事情進展到現在這個樣子,誰都沒有想到。伴随着龜田正雄的離開,氣氛也随之緩了一緩。
不過,山犬社的人暫時離開了,衆人也就暫時沒了之前的那種顧忌還有壓迫感了。而這個時候,就是列家準備拉攏力量對抗謝家的大好時機了。
“謝超然,你們謝家這樣做,不怕辱沒了華夏的祖先嗎?!”列志偉看向謝超然,冷冷地說道。
因爲龜田正雄離開,所以謝廣也跟着離開了,因此現在大廳裏面,話語權最高的人,就是之前一直說話的謝超然了。
列志偉這麽一質問,立即得到了在場一部分人的共鳴。他們雖然都是商人,但是有好多都有着強烈的民族氣節。忍氣吞聲,要看什麽事情,而龜田正雄一句支那人說出來,就已經觸動了這些人的底線了。
首先應和列志偉的正是那個建築公司的王副總經理。
“對,謝超然,難道你忘了,你爺爺雖然做過黑幫老大,但是你太爺爺當年可算是抗倭的英雄好漢,你們謝家這樣做,可是忘本了!”
謝超然依然面不改色地看着眼前這些人,沒有動怒,也沒有其他情緒變化。然後,淡淡地說道:“這件事情,我謝家怎樣做,諸位想管的話,盡管來便是。不過山犬社的分量,你們最好是掂量好!”
見謝超然又把山犬社拿出來壓他們,衆人本來蠢蠢欲動,又瞬間默不作聲了。是啊,山犬社畢竟手腳準備或者已經伸到這裏了,龜田正雄的暫時離場讓他們險些看不清,但是謝超然的一盆冷水又潑了下來,也讓很多人冷靜了不少。
然而,有些就已經壓不住了,盡管對方是山犬社。
“呵呵,諸位稍安勿躁,先自行吃些小吃,喝些紅酒。相信不久之後會議會繼續下去的。當然,諸位要是誰有什麽想法,請自便。”謝超然說完這句話之後,便是轉過身去,走向了大廳的一個角落處,那裏有一個門,謝超然走了進去。
列志偉見謝超然也離開了,心中多少有點忐忑,看向了一旁的楊逸然。
現在事情的發展,已經出乎了所有人的意料了。不管是謝家和山犬社,還是列家以及在場衆人,沒有一個人能夠預測到事情會進展到現在這個地步。而現在,隻能是走一步看一步了。
“少安毋躁。”感受到了列志偉的目光,楊逸然輕輕地說了一聲,然後不再說話,心中考量着這件事情究竟會發展到什麽方向。
趙睿天望着大廳入口,穆師剛剛離去的方向,若有所思。
……
另外一邊,麒麟大酒店的另外一間vip包房内。
“八嘎,嗷~疼,雅蠛蝶~”龜田正雄疼得龇牙咧嘴,甚至口中發出了某些倭國特有*的不雅聲音。

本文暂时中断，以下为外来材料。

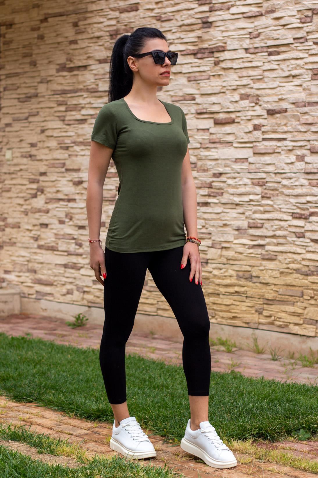 EtiketlerKadın Haki Kısa Kollu Pamuk Kare Yaka İnce Body 21KBDYKKRE
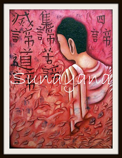 Its an Oil on Canvas. The writing on this Painting reads the Four Nobel Truths by Buddha. The script is Chinese. I donot know the script well enough. So any one who knows the script and thinks, there is a mistake somewhere, is welcome to give suggestions.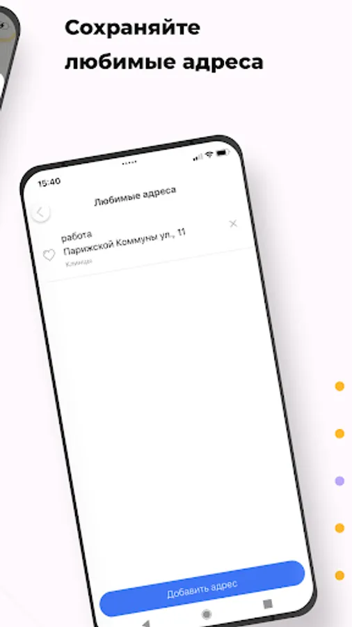 The delivery address will be determined automatically. You just need to indicate where you are going. Use templates with addresses and settings that you use most often to order a taxi in a couple of clicks.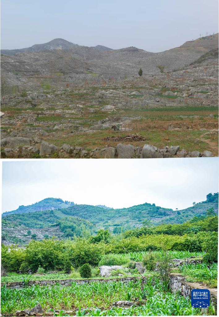拼版照片:上圖為貴州省畢節市大方縣羊場(chǎng)鎮桶井村石漠化治理點(diǎn)舊貌(資料照片,大方縣林業(yè)局供圖);下圖為2022年6月2日拍攝的畢節市大方縣羊場(chǎng)鎮桶井村石漠化治理點(diǎn)(新華社記者陶亮攝)。新華社發(fā)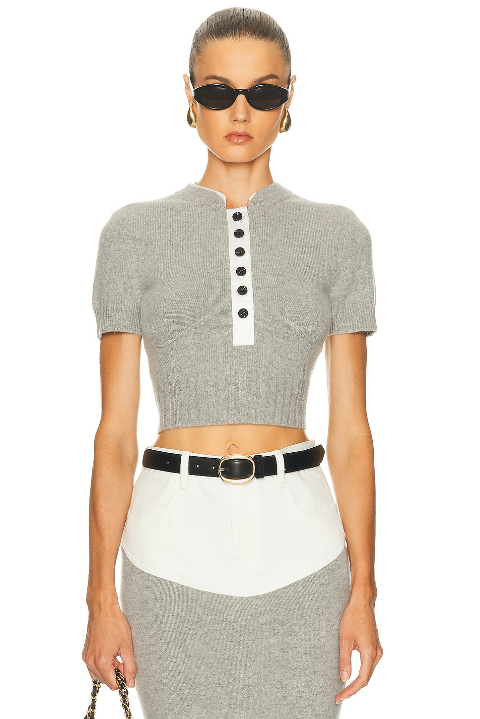 Details - Self 1: 69% wool, 26% cashmere, 4% polyamide, 1% elastane - Self 2: 97% polyester, 3% elastane - Dry clean only - Front partial button closure - Cropped fit - Midweight knit fabric - Item not sold as a set - Made in China - Our Style No. SPOF-WS152 - Manufacturer Style No. AW25-003T-GR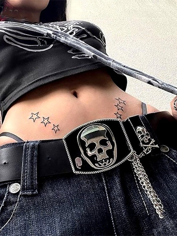 Ashore Shop Punk Belts for Women Luxury Designer Brand Pu Leather Skull

“呃……龜田先生,先忍耐一下。”謝廣不由得冒出了一些冷汗,見龜田正雄疼得這個樣子,自己的右腿也忍不住一陣發麻。
醫護人員很快就給龜田正雄包紮好,然後離開。很快房間裏就隻剩下了龜田正雄,謝廣,還有龜田正雄的那幾個保镖。
龜田正雄終于是停止了不雅的嚎叫,有些氣喘籲籲,兩個眼皮直翻。
“嘿嘿,那個,龜田先生,您,吆西了吧?”謝廣見龜田正雄恢複正常了一些,又讨好地說道龜田正雄看着謝廣,好像想到了些什麽,突然間給了謝廣腦袋瓜子一巴掌,罵道:“八嘎!那個,夢,夢花姑娘在哪?”
謝廣聞言,頓時心裏一苦。想不到這麽一鬧,這龜田正雄,終于是想起來這碼事了。
幾天之前,龜田正雄就告訴了謝廣,要今天讓謝夢華過來,陪陪他。謝廣雖然不願,但還是得滿口答應。
可是,就算謝廣爲人不怎麽樣,但是一個什麽樣的父親,也不會情願自己的女兒跳進火坑,而且還是由自己推進去。所以,謝廣雖然把謝夢華找到帶來,并且關在那個屋裏面,但是也心懷希冀,希望龜田正雄因爲事情忙,或者出現一些不可抗的因素,使得他忘記這碼事。但是,謝廣還是想簡單了。這一閑下來,龜田正雄就想起來了。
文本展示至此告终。